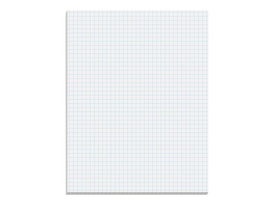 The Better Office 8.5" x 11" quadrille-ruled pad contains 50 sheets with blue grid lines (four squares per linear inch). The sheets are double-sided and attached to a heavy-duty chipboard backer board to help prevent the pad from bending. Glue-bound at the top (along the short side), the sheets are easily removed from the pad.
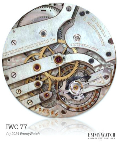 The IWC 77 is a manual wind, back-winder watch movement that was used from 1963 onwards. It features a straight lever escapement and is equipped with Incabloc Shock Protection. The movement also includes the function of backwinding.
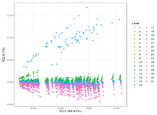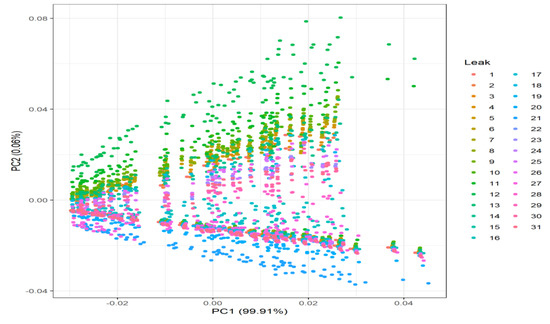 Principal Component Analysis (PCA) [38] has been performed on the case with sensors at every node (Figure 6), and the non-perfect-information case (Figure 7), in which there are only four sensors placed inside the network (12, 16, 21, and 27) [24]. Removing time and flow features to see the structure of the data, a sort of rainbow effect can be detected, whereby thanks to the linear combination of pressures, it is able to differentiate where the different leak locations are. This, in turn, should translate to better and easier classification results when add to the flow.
▬▬▬▬▬▬
Task item. The answer is the full listing above, repeated exactly, with its pictures removed.

Task solution.
 The Better Office 8.5" x 11" quadrille-ruled pad contains 50 sheets with blue grid lines (four squares per linear inch). The sheets are double-sided and attached to a heavy-duty chipboard backer board to help prevent the pad from bending. Glue-bound at the top (along the short side), the sheets are easily removed from the pad.
 The IWC 77 is a manual wind, back-winder watch movement that was used from 1963 onwards. It features a straight lever escapement and is equipped with Incabloc Shock Protection. The movement also includes the function of backwinding.
 Principal Component Analysis (PCA) [38] has been performed on the case with sensors at every node (Figure 6), and the non-perfect-information case (Figure 7), in which there are only four sensors placed inside the network (12, 16, 21, and 27) [24]. Removing time and flow features to see the structure of the data, a sort of rainbow effect can be detected, whereby thanks to the linear combination of pressures, it is able to differentiate where the different leak locations are. This, in turn, should translate to better and easier classification results when add to the flow.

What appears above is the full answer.